Organizations implementing DNS-based content filtering must account for both IPv4 and IPv6 protocols. Failing to configure IPv6 DNS settings can create security gaps that allow users to bypass your filtering entirely.

What is IPv6?

IPv6 is the successor protocol to IPv4, developed because the pool of available IPv4 addresses was becoming exhausted. Introduced in 1998, IPv6 adoption remained sluggish for decades but is now accelerating as modern devices ship with IPv6 enabled by default.

The two protocols use different address formats:

• IPv4 example: 185.228.168.168
• IPv6 example: 2a0d:2a00:0001:0000:0000:0000:0000:0000

How IPv6 Creates Filtering Gaps

Many network administrators configure only IPv4 DNS values while omitting IPv6 settings. When devices, routers, and ISPs support IPv6, this oversight allows DNS queries to travel through unfiltered IPv6 channels. Even if you have configured your IPv4 primary DNS to point to a filtering service like CleanBrowsing (e.g., 185.228.168.168), those filters become ineffective for any traffic routed over IPv6.

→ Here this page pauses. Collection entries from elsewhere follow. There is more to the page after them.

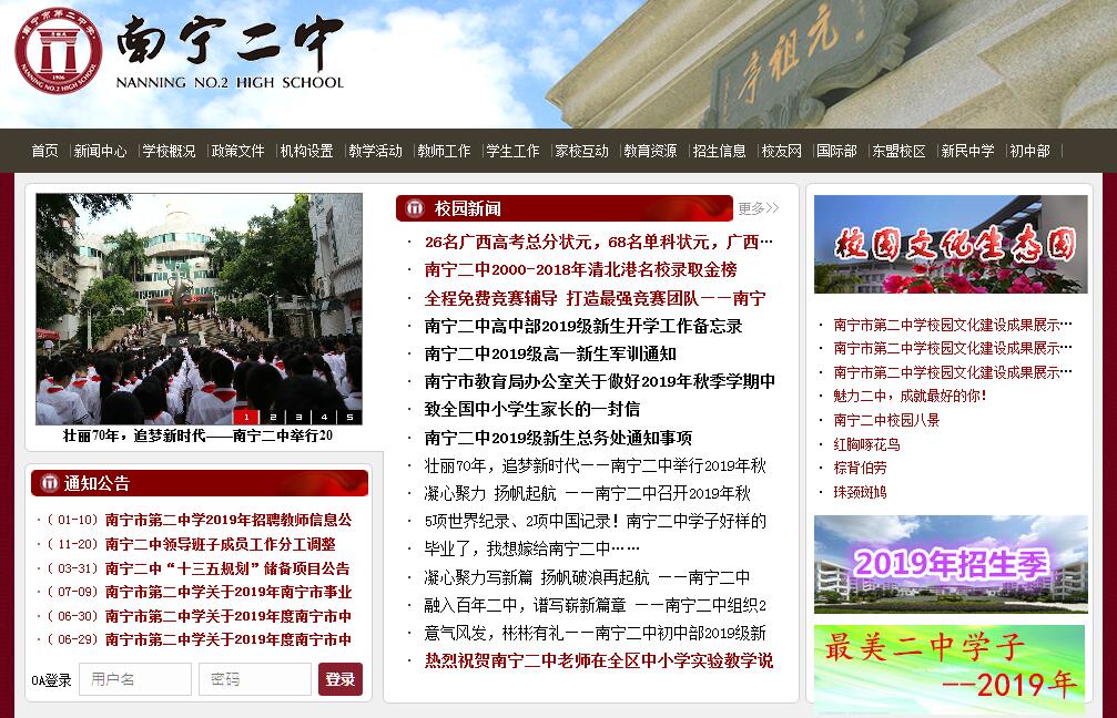 南宁市第二中学是南宁市教育局直属完全中学,中国百强中学,广西自治区首批重点中学,自治区首批示范性普通高中。前身为创办于1906年的南宁府中学堂,曾先后更名为广西省立第一中学、南宁中学、南宁高中等。1954年改现名。南宁二中现有两个校区:占地68亩的新民校区(初中部),占地453亩的凤岭校区(高中部)。现有99个教学班,共有学生5663人。校园环境优美,硬件设施一流。在百年的办学历程中,南宁二中形成“以人的发展为本,师生员工与学校共同发展”的办学理念,确定了“办知名学校,造福一方;创优质教育,回报社会”的办学宗旨,以“启牖智慧,活泼身心”为校训,为国家输送了数以万计的优秀毕业生。学校教育科研教学改革成绩斐然,先后获“全国师德建设先进单位”、“全国心理辅导特色学校”、“全国教育系统先进集体”、“全国民族团结进步模范单位”、“全国群众体育工作先进单位”等荣誉称号。自恢复高考以来,我校培养了25位广西高考总分状元,50位广西高考单科第一名。我校是广西录取北大清华人数最多的中学。我校连续15年蝉联南宁市高考最高奖项——高中毕业班工作卓越奖,是南宁市唯一一所自从设奖以来所有年度均获奖的中学。我校学子在各学科奥林匹克竞赛中成绩喜人,在“中国学科竞赛500强高中颁奖盛典”中,我校荣获了“全国最具影响力奖”、“全国最佳学校奖”、“全国卓越贡献奖”和 “全国最佳校长奖”。黄天明、赖柯吉同学成为至今广西中学生在国际学科奥赛中仅有的两位金牌获奖者。钟海宁、刘见灼、刘彦琳同学实现了广西中学生在物理、化学、生物该学科全国赛中一等奖零的突破。2014、2015年,2013级唐珑珂以优异成绩荣获第30届和第31届CMO(中国数学奥林匹克)一等奖,是广西选手在中国数学奥林匹克中获得的最高奖项。学校教职工共402人,其中教师360人,教授1人 ,正高级教师4人,高级教师123人,在职特级教师20人(不含聘用人员),特级教师人数居广西中学首位。累计有享受国务院特殊津贴专家4人,八桂名师2人,广西优秀专家4人,南宁市专业技术拔尖人才14人,南宁市优秀青年专业技术人才18人,南宁市新世纪学术和技术带头人19人,南宁市教坛明星11人,学科带头人77人,教学骨干211人。南宁市“21世纪园丁工程”(B类)导师团导师16人,国家级中小学骨干教师培养对象5人,广西A类培养对象27人,是现代化、生态化、数字化的国内一流、区内知名的示范性中学。
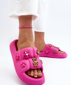 Schattige damespantoffels met een brede band. Gemaakt van schuimachtig materiaal. Dit model heeft opvallende decoraties aan de voorkant. Perfect voor wandelingen op het strand of luie middagen op het terras. Je moet ze absoluut hebben!
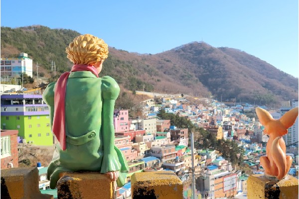 【甘川洞壁畫村】是位在山腳下,呈階梯式聚集在一起的美麗村落,被人們稱為釜山的馬丘比丘。在文化村裡,旅客可以看到各式主題的小房子,以及巷弄內的造型擺設等,這些都是村民們的創意,旅客也可以跟著村民來場有趣的體驗觀光呢!
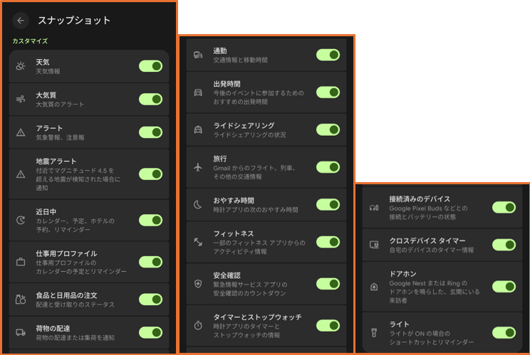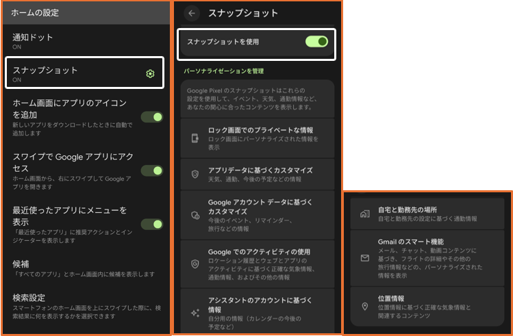【ホームの設定】>【スナップショット】>【スナップショットを使用】を有効にします。※非表示したい場合は「無効」に。

Three Conditions Required for Bypass

For IPv6 to bypass your content filtering, three conditions must be met simultaneously:

• Devices must support IPv6. This is now standard on mobile devices, gaming consoles, and desktop systems.
• Routers must support IPv6 routing. Many manufacturers still lag in their IPv6 implementation.
• ISPs must provide IPv6 routing support. This is identified as the most significant obstacle, but adoption is growing.

Solution 1: Disable IPv6

The simplest approach is to disable IPv6 on your network entirely. This can be done at the device level (Windows, macOS, Linux) or at the router level, depending on your setup. While effective, this is not a future-proof solution as IPv6 adoption continues to grow.

Solution 2: Configure IPv6 DNS

The recommended approach is to deploy IPv6 DNS addresses alongside your IPv4 values. CleanBrowsing provides IPv6 addresses for both free and paid accounts specifically for this purpose. By configuring both IPv4 and IPv6 DNS settings to point to your filtering service, you close the gap and ensure comprehensive coverage.

Testing Your Configuration

If you are experiencing unexplained filtering failures, use a free IPv6 test scanner at test-ipv6.com to diagnose whether IPv6 traffic is bypassing your filters. This simple test can quickly reveal whether your network is routing traffic through unfiltered IPv6 channels.